- Active: May 1943 – May 1945
- Country: Nazi Germany
- Branch: Wehrmacht
- Type: Infantry
- Size: Division
- Engagements: World War II

= 162nd Turkestan Division =

The 162nd Turkistan Division was a military division that was formed by the German Army during the Second World War. It drew its men from prisoners of war who came from the Caucasus and from Turkic lands further east.

==History==
The 162nd Turkistan Division was formed in May 1943 and comprised five Azeri and six Turkestan artillery and infantry units. The unit retained many enlisted German personnel, and also contained Georgian and Armenians Osttruppen, although they were collectively referred to as “Turks”. The soldiers were trained at Neuhammer.

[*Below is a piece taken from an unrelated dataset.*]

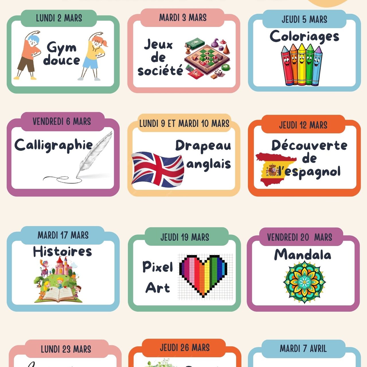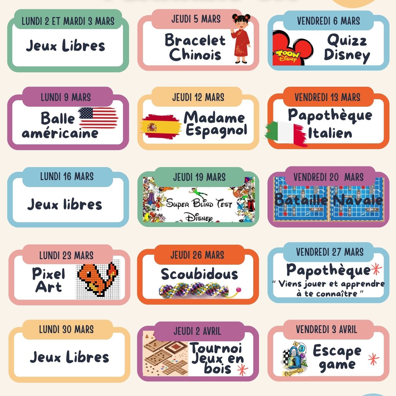 Des animations sont proposées par l’équipe d’animation sur le temps de récréation, tout au long de l’année en fonction des repas thématiques mais aussi des envies des enfants.

The division was sent, in October 1943, to northern Italy. The 162nd became the largest division of all the Ostlegionen. Infantry Battalion No. 450 was also drawn from ethnic Turks and Azeris.

In early 1944 the division was assigned to guard the Ligurian coast and in June 1944 to combat in Italy but was withdrawn due to poor performance. For the remainder of the war, the division fought the Italian resistance movement near Spezia and the Val di Taro in Italy. After initial setbacks, the division proved to be quite effective.

The main body of the division surrendered near Padua in May 1945 to the Western Allies and was dispatched to Taranto. In accordance with the agreements signed by the British and Americans at the Yalta Conference, the soldiers were repatriated to the Soviet Union. According to Nikolai Tolstoy, they received twenty-year sentences of "corrective labor.

== Commanders ==
- Generalmajor Oskar von Niedermayer (13 May 1943 – 21 May 1944)
- Generalleutnant Ralph von Heygendorff (21 May 1944 – 8 May 1945)

==Organisation==

- 303rd Infantry Regiment (Infanterie-Regiment 303)
- 314th Infantry Regiment (Infanterie-Regiment 314)
- 329th Infantry Regiment (Infanterie-Regiment 329) (only in August 1944)
- 162nd Divisional Battalion (Divisions-Bataillon 162)
- 236rd Artillery Regiment (Artillerie-Regiment 236)
- 936th Pioneer Battalion (Pionier-Bataillon 936)
- 236rd Panzerjäger Battalion (Panzerjäger-Abteilung 236)
- 236rd Aufklärungs Battalion (Aufklärungs-Abteilung 236)
- 236rd Signals Battalion (Infanterie-Divisions-Nachrichten-Abteilung 236)
- 936th Supply Services (Nachschubtruppen 936)

==War crimes==
The division has been implicated in a number of war crimes in Italy between December 1943 and May 1945, two of those, in January 1945 in the Emilia-Romagna resulted in the execution of at least 20 civilians each.